Qui réalise la rééducation myofonctionnelle en pratique ?

En France, la rééducation myofonctionnelle oropharyngée est principalement conduite par des orthophonistes formés à la rééducation orofaciale et au sommeil, et par certains kinésithérapeutes spécialisés. Elle peut aussi être initiée et supervisée par un somnologue dans le cadre d’un programme structuré. Chez SomnoPlus, nous orientons vers des thérapeutes partenaires formés spécifiquement aux protocoles validés pour le SAS.

Combien de temps avant de voir des résultats ?

Les premiers effets sur le ronflement et la somnolence matinale sont souvent perceptibles dès 4 à 6 semaines de pratique régulière. La réduction objectivée de l’IAH est mesurée par polygraphie de contrôle à 3 mois. Les effets se maintiennent et peuvent continuer à s’améliorer au-delà de 6 mois chez les patients qui poursuivent une pratique régulière, même allégée.

La rééducation myofonctionnelle est-elle remboursée ?

Les séances d’orthophonie prescrites dans le cadre d’une rééducation orofaciale sont remboursées par l’Assurance maladie sur prescription médicale, dans les indications reconnues (troubles de la déglutition, respiration buccale, malocclusion). La prise en charge spécifique dans le cadre du SAS dépend du libellé de la prescription et de la cotation utilisée par l’orthophoniste. Une consultation préalable chez SomnoPlus permet d’orienter la prescription de façon optimale.

Jouer d'un instrument à vent aide-t-il vraiment contre les apnées ?

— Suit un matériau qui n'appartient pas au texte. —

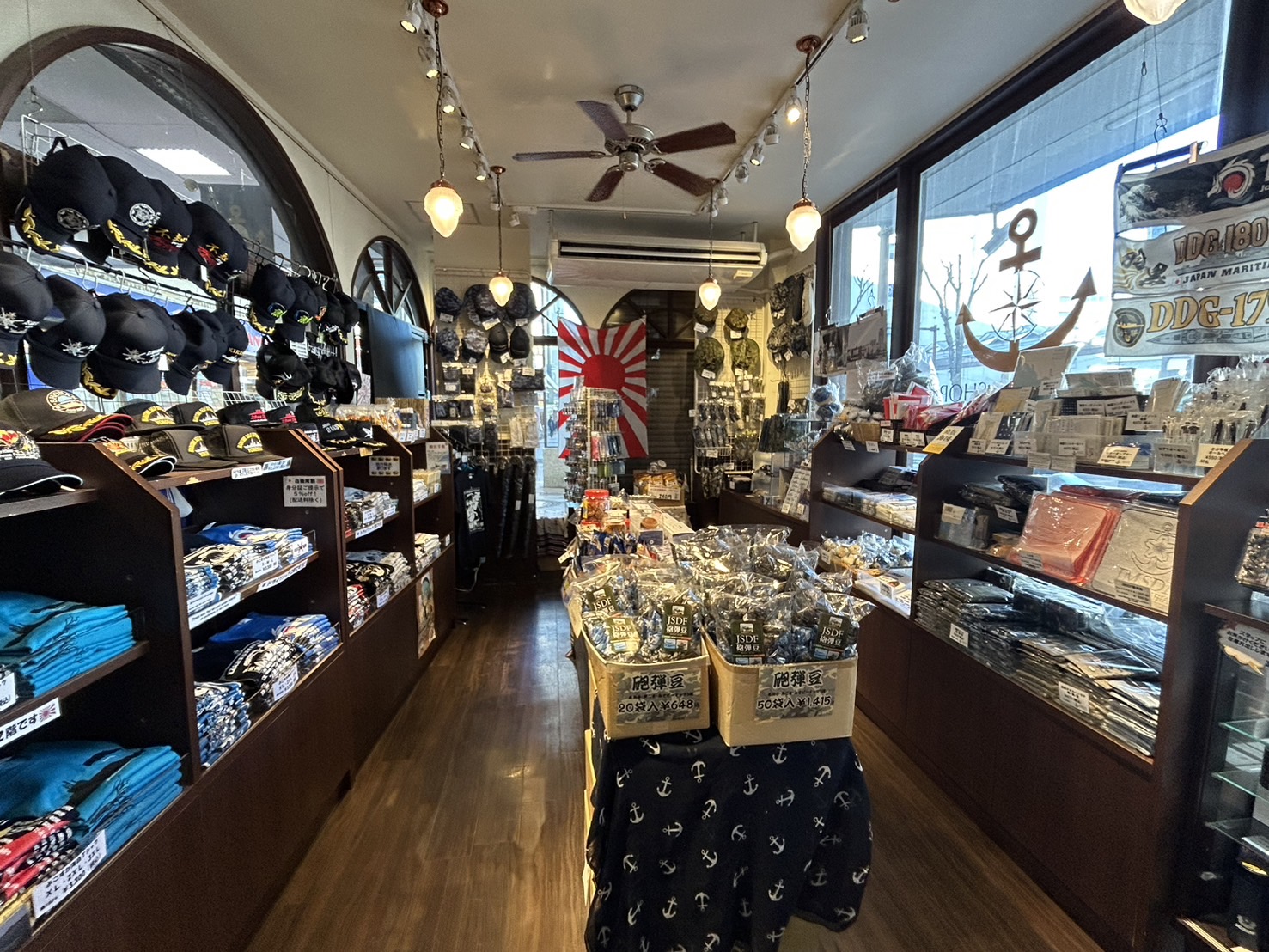 在MISAKA SHIPING PLAZA pop三笠ビル商店街內MILITARY SHOP YOKOSUKA三笠本店(有4層樓專門販售海上自衛隊的文創商品與食品)。(記者王清正攝)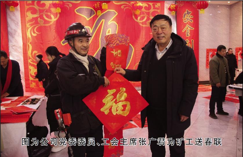 為弘揚(yáng)中華優(yōu)秀傳統(tǒng)文化,營(yíng)造喜慶、歡樂(lè)、祥和的節(jié)日氛圍,連日來(lái),礦區(qū)工會(huì)特邀我市書(shū)畫(huà)家深入煤礦,帶著公司黨委、公司的關(guān)懷問(wèn)候?yàn)樯a(chǎn)一線(xiàn)的礦工寫(xiě)春聯(lián)、送祝福。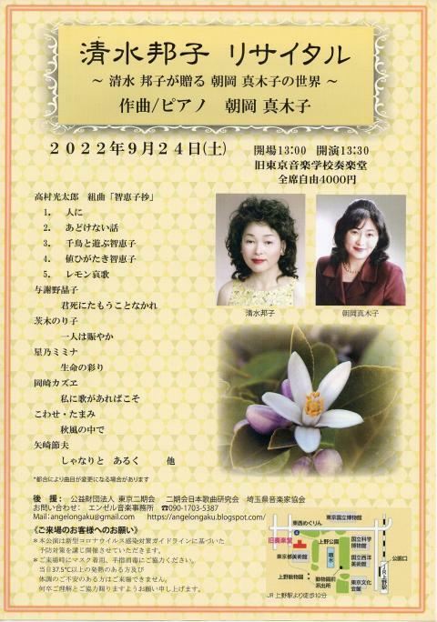清水邦子リサイタル 清水邦子が贈る朝岡真木子の世界 22/9/24(土) 旧東京音楽学校奏楽堂 シェア ツイート 清水邦子が朝岡真木子の組曲『智恵子抄』全曲に挑みます。 公演情報 ジャンル 声楽 料金 全席自由-4,000円 表示できるチケット情報はありません詳しくはこちら キャスト&スタッフ 出演 朝岡真木子 清水邦子 [出演]朝岡真木子 / 清水邦子 お問い合わせ エンゼル音楽事務所 シェア ツイート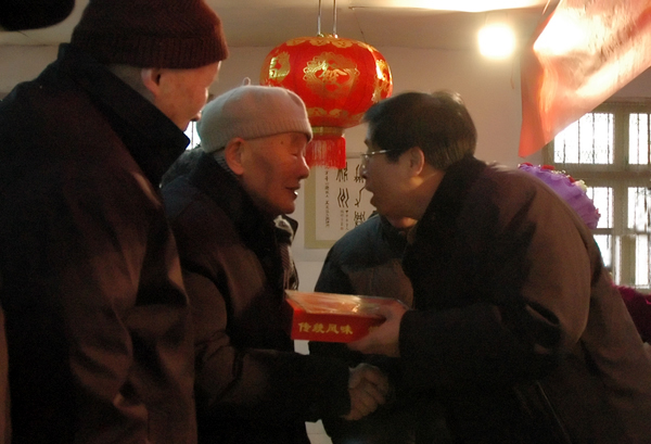 何小祥书记、殷红副书记为老寿星们献上了祝福的鲜花,颁发了寿金和贺礼,并与寿星们合影留念。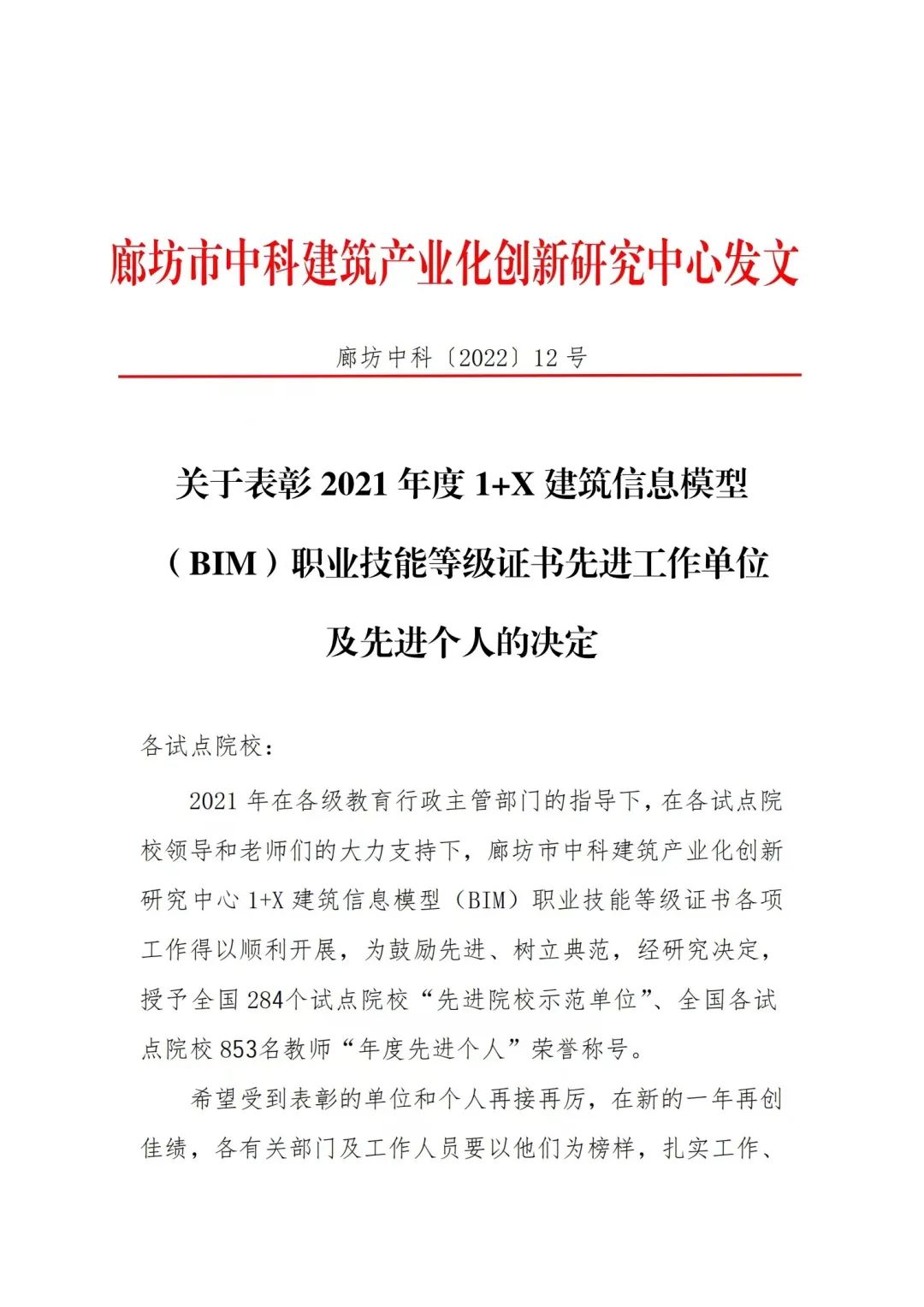 我校获2021年度1+X建筑信息模型(BIM)职业技能等级证书先进工作单位

Oui, et ce n’est pas anecdotique. Une étude publiée dans le British Medical Journal a montré que la pratique régulière de la didgeridoo (instrument à vent australien requérant une technique de respiration circulaire) réduit significativement l’IAH et la somnolence diurne. Des effets similaires ont été documentés pour la pratique du chant choral et de certains instruments à anche. Ces activités sollicitent intensément les muscles pharyngés et palatins selon des mécanismes proches de la rééducation myofonctionnelle structurée. Elles ne remplacent pas un programme supervisé mais constituent un complément agréable et motivant.

La rééducation myofonctionnelle peut-elle remplacer la PPC ?

Pour un SAS léger à modéré bien sélectionné, elle peut constituer le traitement principal, à condition d’en vérifier l’efficacité par polygraphie de contrôle. Pour un SAS modéré à sévère, elle ne remplace pas la PPC ou l’OAM mais peut les compléter efficacement en réduisant la pression nécessaire ou en améliorant l’observance. La décision est toujours prise sur la base des données objectives de l’examen du sommeil, pas sur la seule amélioration subjective ressentie.